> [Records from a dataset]

'''

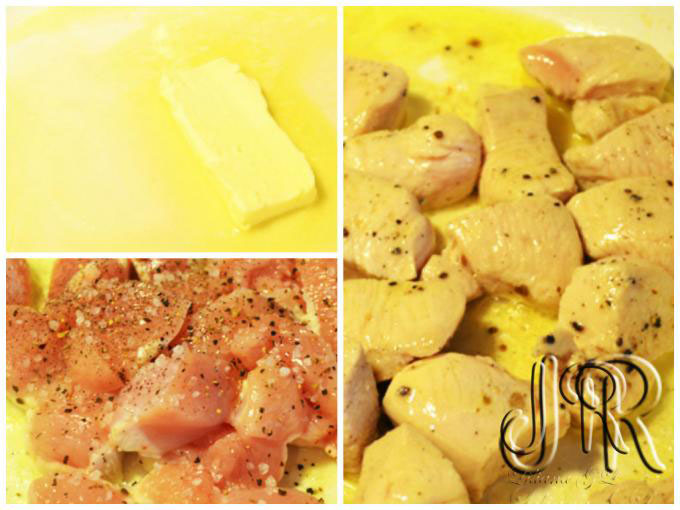 Pieptul de pui se taie cubulete, se asezoneaza cu sare, piper si se gateste intr-o tigaie incinsa cu cateva picaturi de ulei si o felie de unt, timp de 2-4 minute la foc moderat spre mare.
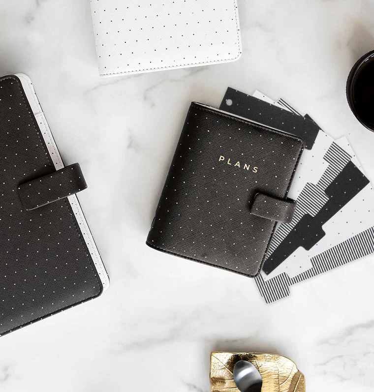 Aggiungi un tocco di stile alle tue pagine con questo set composto da 6 divisori in plastica ultra-durevoli della collezione Moonlight. Caratterizzati da un pattern black and white impreziosito da dettagli dorati, sono compatibili con Organiser Filofax formato Pocket.
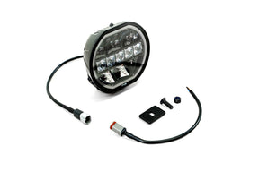 Our Round Lights can be paired with light brackets or off-road bumpers/bull bars with round light mounts. Our lights feature a white and amber halo light, and a flood and spot light pattern. The main LED lights produce 3,600 lumens, and they are rated at 50,000 hours of use. Our lights are IP 68 rated, and they feature a weather resistant plug. The lights produce a bright white (5700K) color. The lights are made from a shatterproof UV resistant polycarbonate lens and an aluminum housing with a satin black powder coat finish. They feature driving and off-road modes.
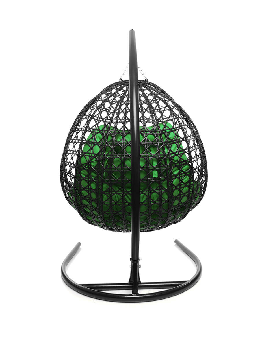 Подвесное кресло с ротангом "Для двоих Люкс" черное с зеленой подушкой M-GROUP
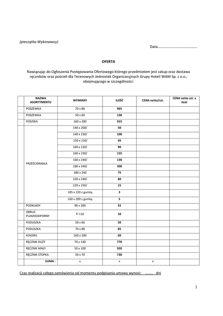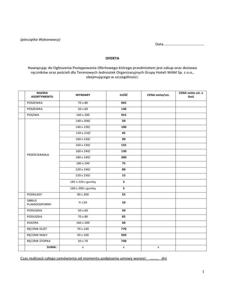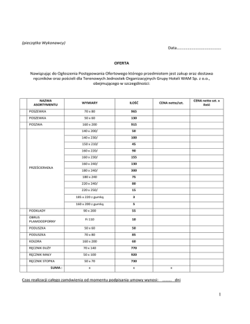 (pieczątka Wykonawcy) Data……………………………………. OFERTA Nawiązując do Ogłoszenia Postępowania Ofertowego którego przedmiotem jest zakup oraz dostawa ręczników oraz pościeli dla Terenowych Jednostek Organizacyjnych Grupy Hoteli WAM Sp. z o.o., obejmującego w szczególności: NAZWA ASORTYMENTU WYMIARY ILOŚĆ POSZEWKA 70 x 80 965 POSZEWKA 50 x 60 130 160 x 200 915 140 x 200/ 50 140 x 230/ 100 150 x 210/ 45 160 x 220/ 90 160 x 230/ 155 160 x 240/ 130 180 x 240/ 300 180 x 240 75 220 x 240/ 80 220 x 250/ 15 185 x 220 z gumką 3 160 x 200 z gumką 5 90 x 200 55 OBRUS PLAMOODPORNY Fi 110 10 PODUSZKA 50 x 60 50 PODUSZKA 70 x 80 85 KOŁDRA 160 x 200 60 RĘCZNIK DUŻY 70 x 140 770 RĘCZNIK MAŁY 50 x 100 920 RĘCZNIK STOPKA 50 x 70 730 x x POSZWA PRZEŚCIERADŁA PODKŁADY SUMA : CENA netto/szt. CENA netto szt. x ilość x Czas realizacji całego zamówienia od momentu podpisania umowy wynosi: ……… dni 1 my, niżej podpisani: ……………………………………………………………………………………………………………………………………………………………………… działający w imieniu i na rzecz (należy podać pełną nazwę i adres Wykonawcy): ……………………………………………………………………………………………………………………………………………………………………… ……………………………………………………………………………………………………………………………………………………………………… adres …………………………………………………………………………………………………………………………………………………… NR KRS/EDG: ……………………………………, REGON: ……………………………………….., NIP: ………………………………, tel.: ………………………………………, fax: ………………………………………, e-mail: ………………………………….., numer konta: …………………………………………………………………………………………………………………………., oferujemy realizację powyższego zamówienia, zgodnie z postanowieniami zawartymi w Wymaganiach Ofertowych oraz w Specyfikacji zamówienia według cen podanych wyżej. kwota podatku VAT ……… % Termin płatności faktur: 21 dni od daty złożenia w siedzibie Spółki poprawnie wystawionych faktur wraz z protokołem odbioru. Oświadczamy, że w ciągu ostatnich trzech lat zrealizowaliśmy trzy zamówienia związanych z przedmiotem zamówienia, o wartości jednorazowej co najmniej 200 000 zł netto. Wykaz w/w zamówień stanowi załącznik do niniejszej Oferty. Oświadczamy, że znajdujemy się w sytuacji finansowej zapewniającej wykonanie przedmiotu Umowy oraz że nie pozostajemy w stanie upadłości ani likwidacji. Oświadczamy, że posiadamy uprawnienia do wykonywania określonej działalności. Oświadczamy, że posiadamy niezbędną wiedzę i doświadczenie oraz dysponujemy potencjałem technicznym i osobami zdolnymi do wykonania zamówienia. Oświadczamy, że zapoznaliśmy się z Wymaganiami Ofertowymi oraz ze Specyfikacją i przyjmujemy je bez zastrzeżeń i uznajemy się za związanych określonymi w nich postanowieniami i zasadami postępowania. Oświadczamy, iż termin związania ofertą jest nie krótszy niż do dnia zawarcia umowy. Oświadczamy, że w przypadku wyboru naszej oferty zobowiązujemy się do zawarcia umowy w miejscu i terminie wyznaczonym przez Grupę Hoteli WAM Sp. z o.o. w Krakowie, o treści zgodnej z załączonym wzorem umowy, z którym się zapoznaliśmy i nie wnosimy do jego treści zastrzeżeń. Oświadczamy, że niezwłocznie po podpisaniu Umowy przedstawimy polisę OC z tytułu prowadzonej działalności gospodarczej na kwotę co najmniej odpowiadającą wartości Umowy. 2 Oświadczamy, że wyrażamy zgodę na przetwarzanie danych osobowych przez Grupę Hoteli WAM Sp. z o.o. w Krakowie, w związku z postępowaniem, którego dotyczy niniejsza Oferta (podst. prawna art. 23 ust. 1 pkt. 1 i 2 oraz art. 24 ustawy z dnia 29.08.1997 r. o ochronie danych osobowych (tekst jednolity Dz. U. z 2002 r. Nr 101 poz. 926 z pózn. zm.). Załącznikami do niniejszej oferty, stanowiącymi jej integralną część są (poświadczone za zgodność: Kosztorys Ofertowy certyfikaty, itp., wskazujące że Wykonawca gwarantuje wymagany poziom jakości przedmiotu oferty, dowód wpłaty wadium, referencje i rekomendacje, odpis z KRS lub EDG, zaświadczenia o numerach REGON i NIP, zaświadczenia z urzędu skarbowego i ZUS, wykaz zamówień zrealizowanych w ciągu ostatnich 3 lat, pełnomocnictwo do złożenia oferty): 1. ……………………………………….. 2. ……………………………………….. 3. ……………………………………….. 4. ……………………………………….. 5. ……………………………………….. 6. ……………………………………….. ……………………………….…………………………………………………………….. (podpisy osób uprawnionych do reprezentowania Wykonawcy) 3
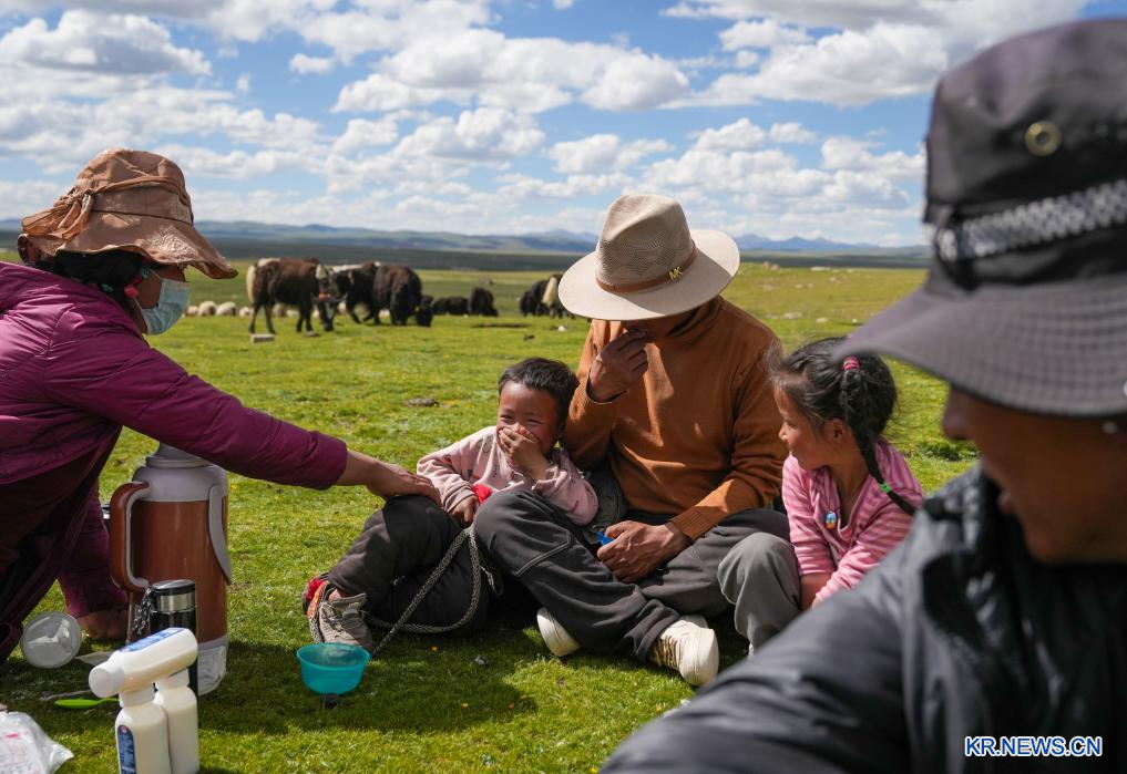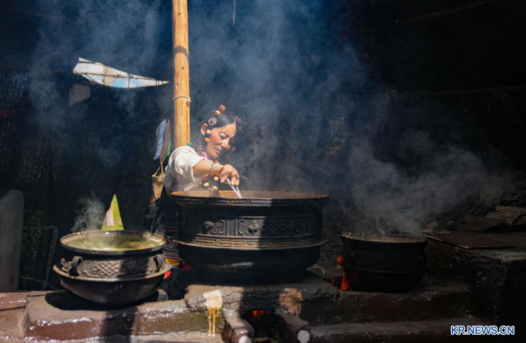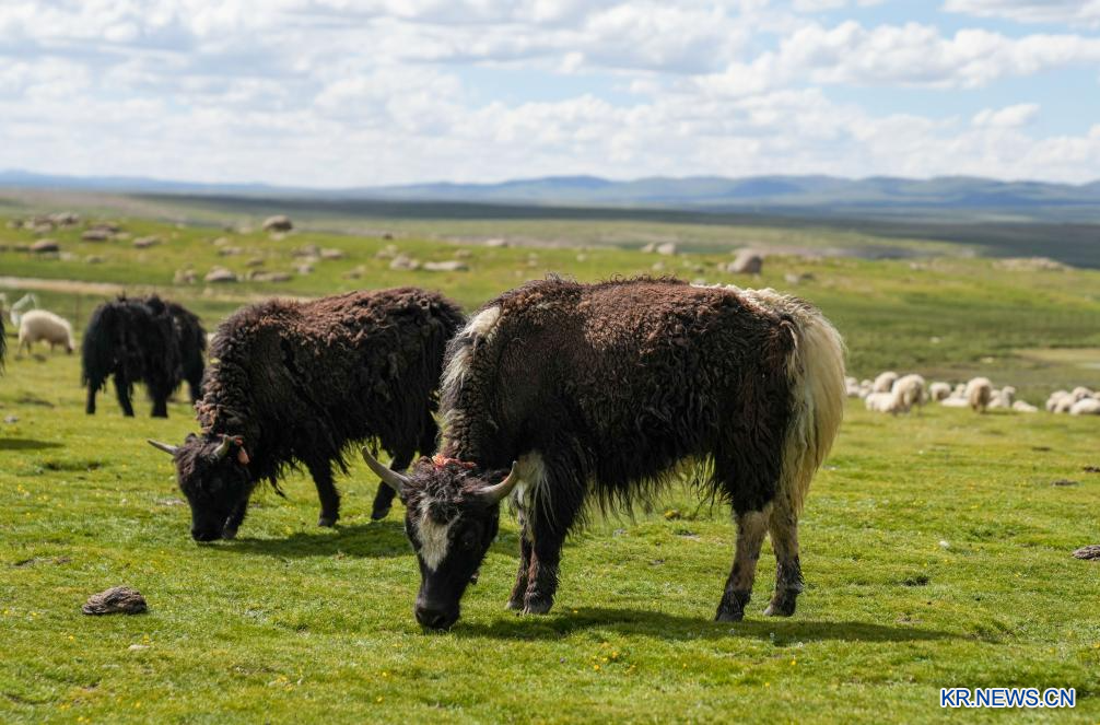 [신화망 라싸 7월20일] 시짱자치구 나취시 녜룽현에서 14km 떨어진 샤취향 초원 깊숙한 곳에 소재한 친환경 축산업 업체 가췌(噶確)는 야크 사육, 유제품∙육류제품 가공과 판매에 종사하는 자치구급 선도 기업으로 1786.67㎢의 목초지와 1200여 마리의 가축을 보유하고 있으며, 100명이 넘는 지역 주민에게 일자리를 제공해 시짱자치구 북부 목축 지역 농촌 진흥의 모범 사례가 되고 있다.[촬영/신화사 기자 진메이둬지(晉美多吉)]
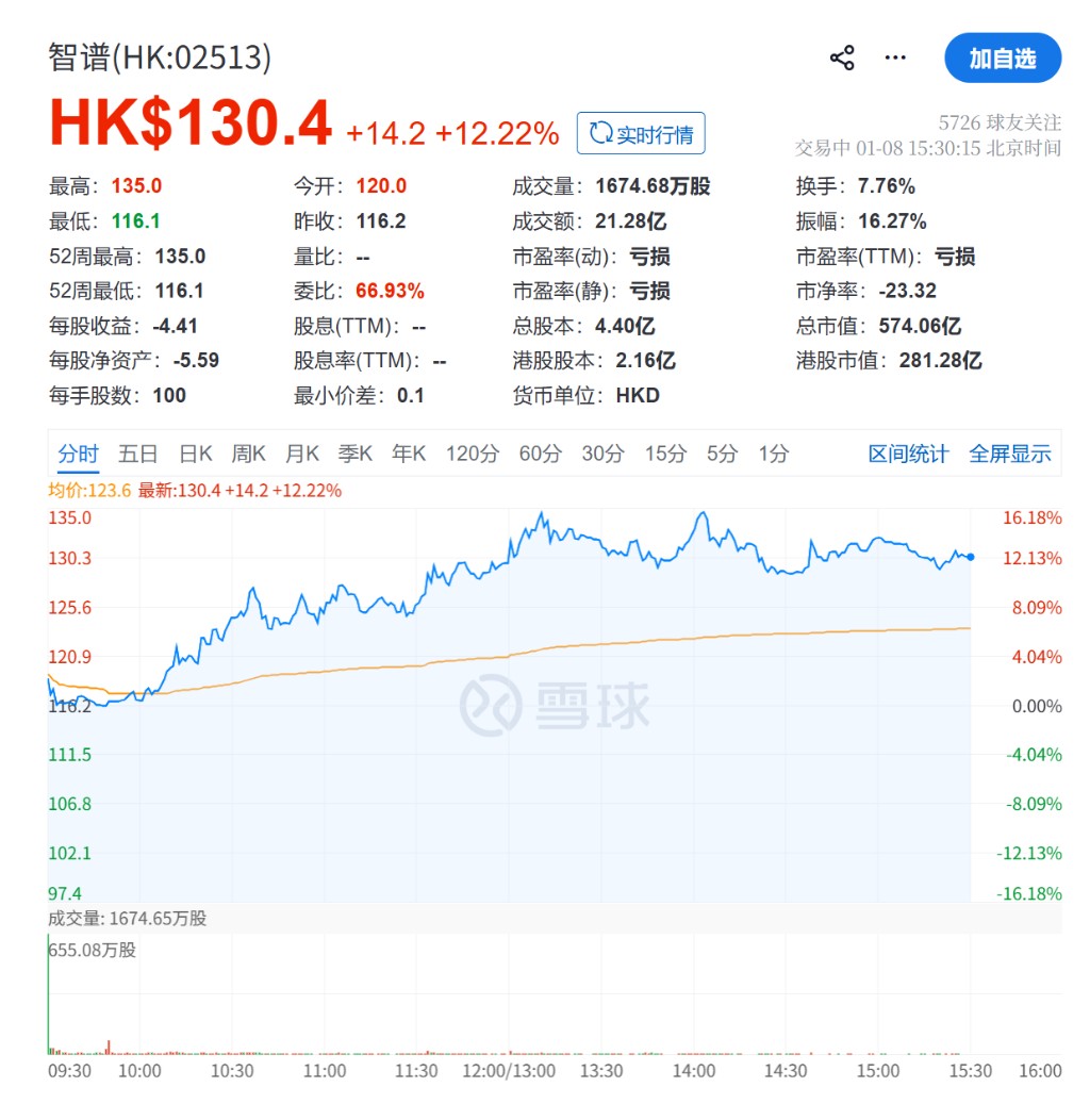 On January 8, KNOWLEDGE ATLAS was officially listed on the main board of the Hong Kong Stock Exchange, with an issue price set at HKD 116.2. Although the stock price briefly fell below the issue price at the opening, it quickly rebounded and turned positive, rising over 10% at one point during the trading session. As of the time of publication, KNOWLEDGE ATLAS's stock price was HKD 130, up 12%, with a total market capitalization of HKD 57.4 billion. The public offering portion of this IPO was oversubscribed by more than 1,159 times, demonstrating the high enthusiasm of retail investors for this rare AI target, while the international offering portion was also oversubscribed by over 15 times.
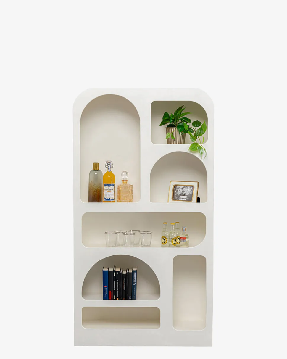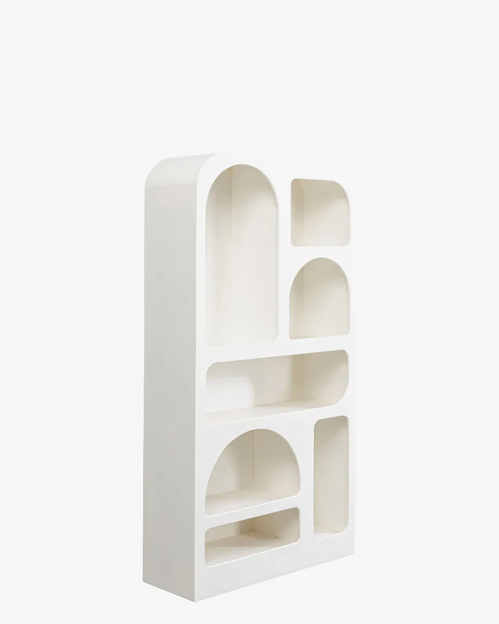 Paco Reolen med sine runde, buede former i hvid er en elegant reol. Perfekt til både opbevaring og som dekorativt element.
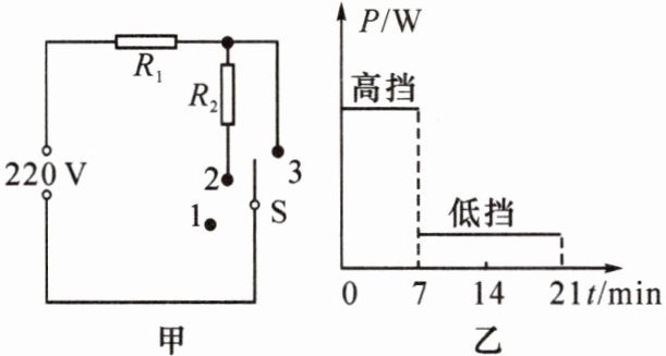 (1)由图甲知,开关S接1触点时,电路开路,为“关”;接2触点时两电阻串联,为“低挡”;接3触点时只有$R_1$接入电路,为“高挡”。由$P=\frac{U^2}{R}$可得$R_1$的阻值:
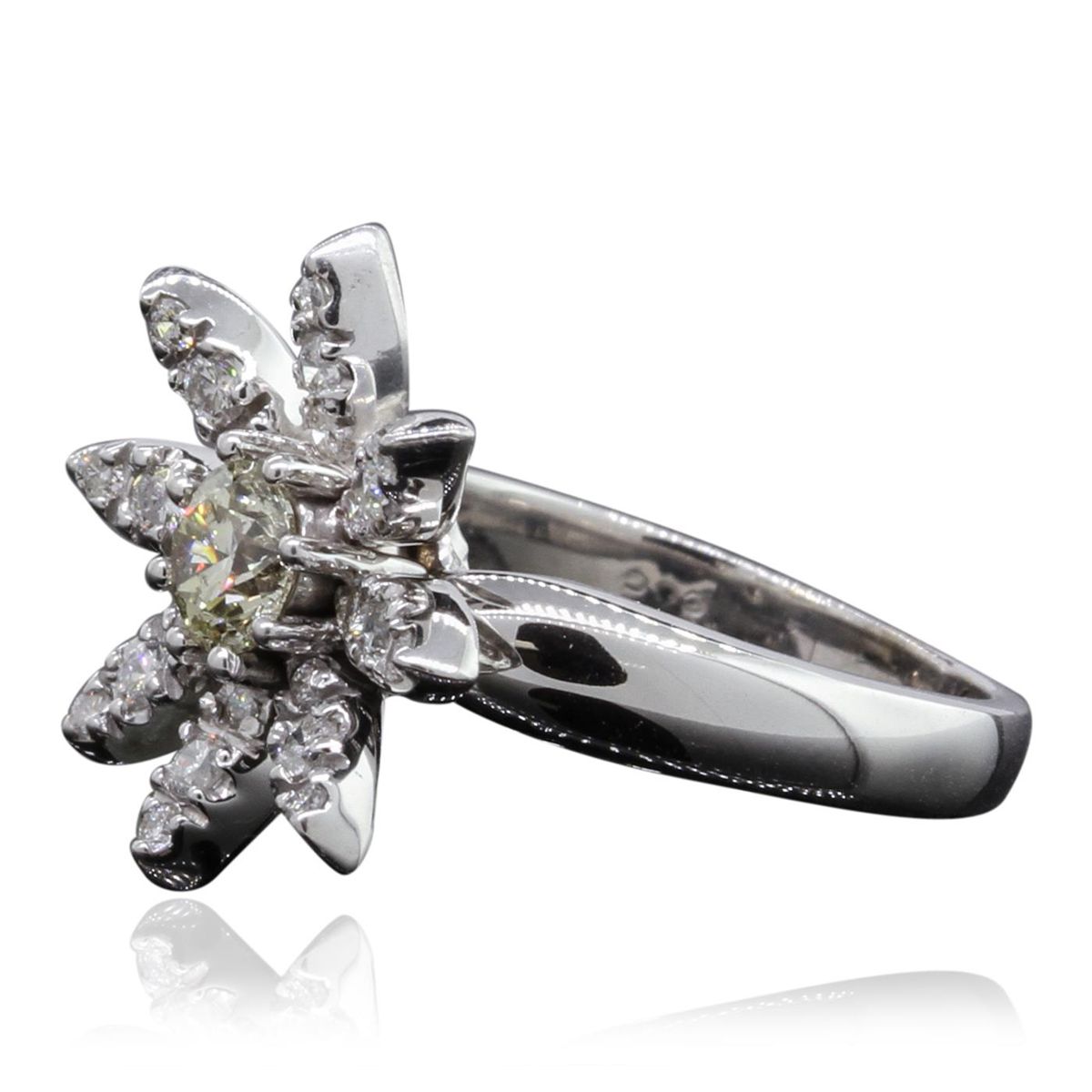 One electronically tested 14KT white gold Ladies combination cast & assembled engagement ring with a bright polish finish. Identified with markings of "585". Condition is new. Containing: One prong set round brilliant cut diamond, measuring 4.50 - 4.40 x 2.67mm (depth est.) approximate weight of 0.32ct. Clarity of SI-1, Cut is Very Good. Twenty-Four bead set round brilliant cut diamonds, measuring 2.00 - 1.20 x 0.96mm (depth est.) approximate total weight of 24 Stones = 0.36ct. Clarity of SI-1 to SI-2, Color of H - I, Cut is Good. Total Weight of Diamonds 0.68ct. Total Weight of Ring 5.50gm. GGL Appraised at $4,385.00.

'''

> [Task instructions]
Repeat verbatim the lines between the start of the data and the line containing "Подвесное кресло с", both ends included, omitting all pictures.

> [Written response]
 Pieptul de pui se taie cubulete, se asezoneaza cu sare, piper si se gateste intr-o tigaie incinsa cu cateva picaturi de ulei si o felie de unt, timp de 2-4 minute la foc moderat spre mare.
 Aggiungi un tocco di stile alle tue pagine con questo set composto da 6 divisori in plastica ultra-durevoli della collezione Moonlight. Caratterizzati da un pattern black and white impreziosito da dettagli dorati, sono compatibili con Organiser Filofax formato Pocket.
 Our Round Lights can be paired with light brackets or off-road bumpers/bull bars with round light mounts. Our lights feature a white and amber halo light, and a flood and spot light pattern. The main LED lights produce 3,600 lumens, and they are rated at 50,000 hours of use. Our lights are IP 68 rated, and they feature a weather resistant plug. The lights produce a bright white (5700K) color. The lights are made from a shatterproof UV resistant polycarbonate lens and an aluminum housing with a satin black powder coat finish. They feature driving and off-road modes.
 Подвесное кресло с ротангом "Для двоих Люкс" черное с зеленой подушкой M-GROUP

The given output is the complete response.